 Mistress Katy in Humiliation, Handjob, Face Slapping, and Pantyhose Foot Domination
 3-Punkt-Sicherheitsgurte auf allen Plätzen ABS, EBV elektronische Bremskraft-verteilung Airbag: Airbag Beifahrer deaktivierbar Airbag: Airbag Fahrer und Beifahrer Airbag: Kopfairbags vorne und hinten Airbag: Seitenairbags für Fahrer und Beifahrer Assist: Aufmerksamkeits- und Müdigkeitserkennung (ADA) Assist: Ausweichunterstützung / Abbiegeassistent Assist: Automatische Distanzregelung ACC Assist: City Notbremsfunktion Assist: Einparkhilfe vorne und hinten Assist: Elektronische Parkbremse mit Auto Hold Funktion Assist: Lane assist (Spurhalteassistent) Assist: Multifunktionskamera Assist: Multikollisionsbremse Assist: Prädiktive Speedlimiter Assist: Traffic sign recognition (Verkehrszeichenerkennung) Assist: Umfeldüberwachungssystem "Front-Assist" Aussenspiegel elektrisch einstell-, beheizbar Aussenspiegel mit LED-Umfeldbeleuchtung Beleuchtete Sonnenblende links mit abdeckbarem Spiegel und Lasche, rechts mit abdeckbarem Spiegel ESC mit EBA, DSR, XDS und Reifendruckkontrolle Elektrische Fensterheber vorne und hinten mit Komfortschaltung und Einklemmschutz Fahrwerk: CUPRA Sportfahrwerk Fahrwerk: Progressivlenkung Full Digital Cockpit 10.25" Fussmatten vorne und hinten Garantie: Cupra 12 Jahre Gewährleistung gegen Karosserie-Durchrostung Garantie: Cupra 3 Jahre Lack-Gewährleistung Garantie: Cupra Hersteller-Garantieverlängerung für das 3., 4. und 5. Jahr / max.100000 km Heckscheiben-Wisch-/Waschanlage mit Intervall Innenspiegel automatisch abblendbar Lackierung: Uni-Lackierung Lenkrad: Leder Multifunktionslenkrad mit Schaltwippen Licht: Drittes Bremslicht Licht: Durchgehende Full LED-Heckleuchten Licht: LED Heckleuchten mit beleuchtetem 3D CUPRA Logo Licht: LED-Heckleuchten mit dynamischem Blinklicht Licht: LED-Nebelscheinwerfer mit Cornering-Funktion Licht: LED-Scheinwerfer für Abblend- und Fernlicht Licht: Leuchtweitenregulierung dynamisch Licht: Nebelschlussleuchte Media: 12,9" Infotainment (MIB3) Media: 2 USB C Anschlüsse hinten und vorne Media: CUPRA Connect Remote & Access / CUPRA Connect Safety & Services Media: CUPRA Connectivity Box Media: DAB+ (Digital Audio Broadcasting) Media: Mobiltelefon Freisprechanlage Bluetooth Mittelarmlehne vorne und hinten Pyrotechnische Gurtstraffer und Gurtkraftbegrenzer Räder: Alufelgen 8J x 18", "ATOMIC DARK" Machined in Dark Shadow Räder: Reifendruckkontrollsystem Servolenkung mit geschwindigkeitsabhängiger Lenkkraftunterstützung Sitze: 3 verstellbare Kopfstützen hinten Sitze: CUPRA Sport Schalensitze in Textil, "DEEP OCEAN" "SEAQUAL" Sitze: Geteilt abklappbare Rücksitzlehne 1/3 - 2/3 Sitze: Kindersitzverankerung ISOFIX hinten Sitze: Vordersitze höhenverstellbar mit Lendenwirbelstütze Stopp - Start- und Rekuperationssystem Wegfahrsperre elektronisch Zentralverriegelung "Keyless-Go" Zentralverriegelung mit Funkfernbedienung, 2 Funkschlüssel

++++++++++

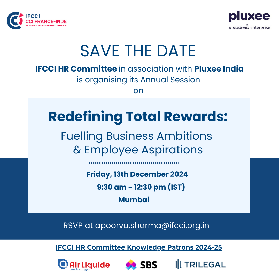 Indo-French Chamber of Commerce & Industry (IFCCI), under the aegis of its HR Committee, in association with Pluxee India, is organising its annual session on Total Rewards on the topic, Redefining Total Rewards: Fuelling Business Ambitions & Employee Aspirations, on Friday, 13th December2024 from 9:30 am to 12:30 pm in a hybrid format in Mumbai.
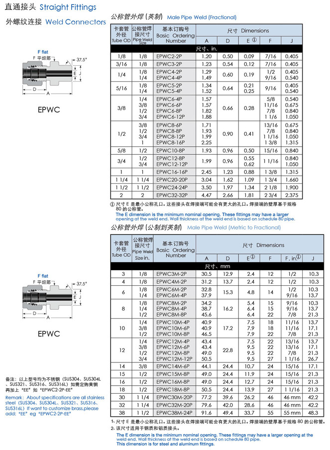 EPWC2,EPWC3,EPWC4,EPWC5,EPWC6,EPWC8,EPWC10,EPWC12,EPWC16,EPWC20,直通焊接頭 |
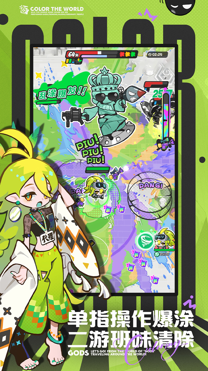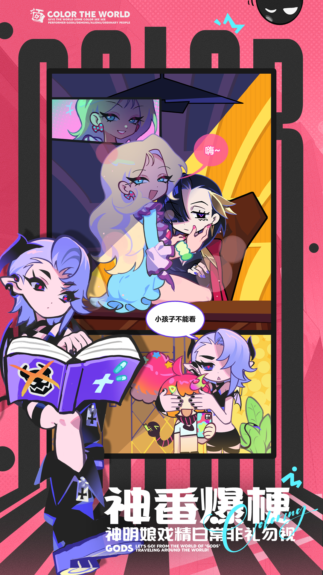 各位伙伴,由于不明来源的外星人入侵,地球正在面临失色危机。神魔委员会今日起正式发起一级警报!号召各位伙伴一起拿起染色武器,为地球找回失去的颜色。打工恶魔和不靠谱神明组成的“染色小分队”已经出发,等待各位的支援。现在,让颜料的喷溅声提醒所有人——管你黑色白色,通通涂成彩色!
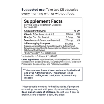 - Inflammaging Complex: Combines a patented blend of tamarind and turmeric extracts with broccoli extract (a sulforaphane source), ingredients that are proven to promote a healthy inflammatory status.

++++++++++

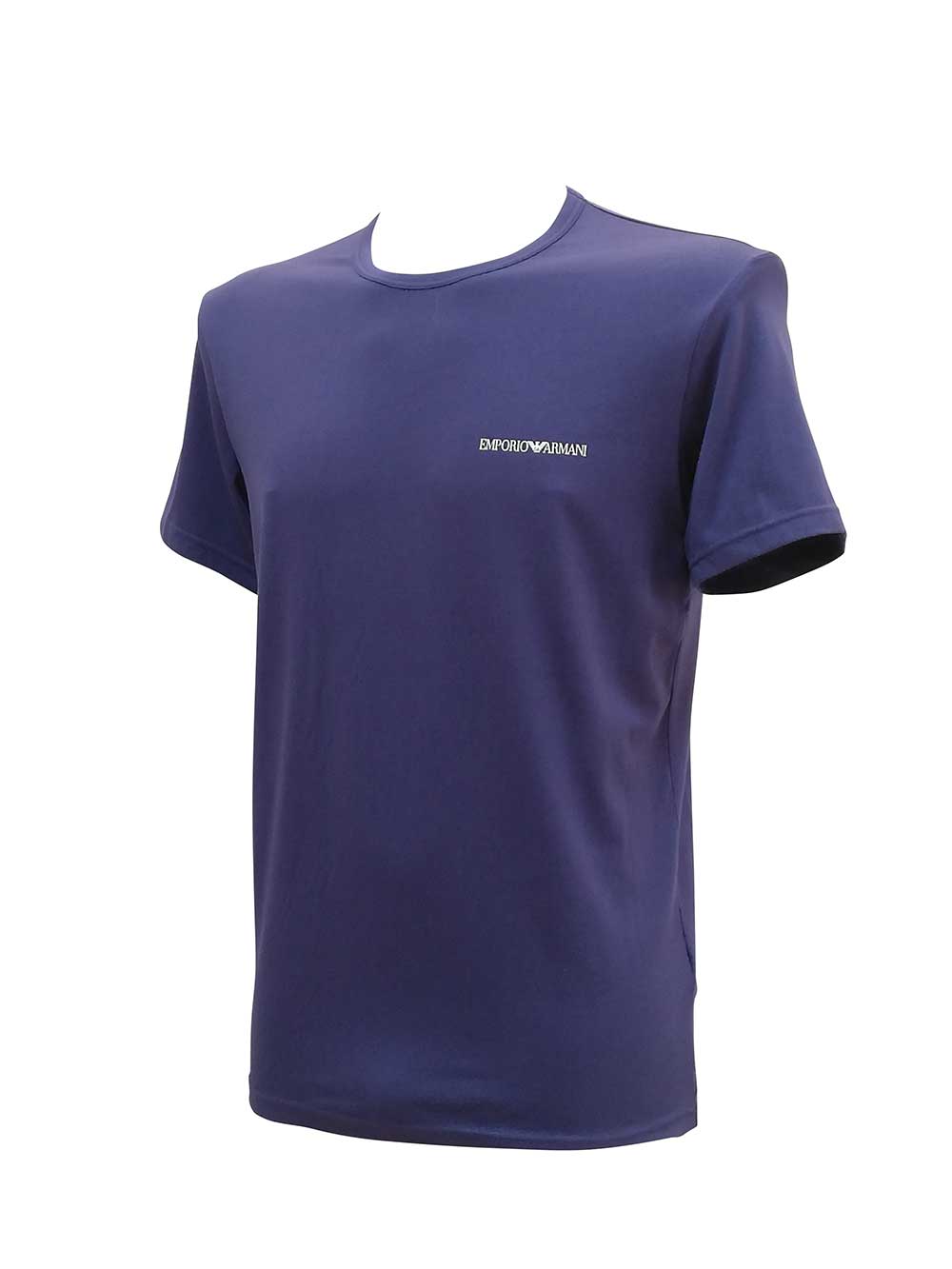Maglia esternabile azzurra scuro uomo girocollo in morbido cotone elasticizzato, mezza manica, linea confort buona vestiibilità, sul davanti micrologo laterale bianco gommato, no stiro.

++++++++++

> Exercise description
The answer is the lines above from the one with "各位伙伴,由于不明来源的外星" to the one with "- Inflammaging Complex: Combines", set down exactly, with no pictures.

> Exercise solution
 各位伙伴,由于不明来源的外星人入侵,地球正在面临失色危机。神魔委员会今日起正式发起一级警报!号召各位伙伴一起拿起染色武器,为地球找回失去的颜色。打工恶魔和不靠谱神明组成的“染色小分队”已经出发,等待各位的支援。现在,让颜料的喷溅声提醒所有人——管你黑色白色,通通涂成彩色!
 - Inflammaging Complex: Combines a patented blend of tamarind and turmeric extracts with broccoli extract (a sulforaphane source), ingredients that are proven to promote a healthy inflammatory status.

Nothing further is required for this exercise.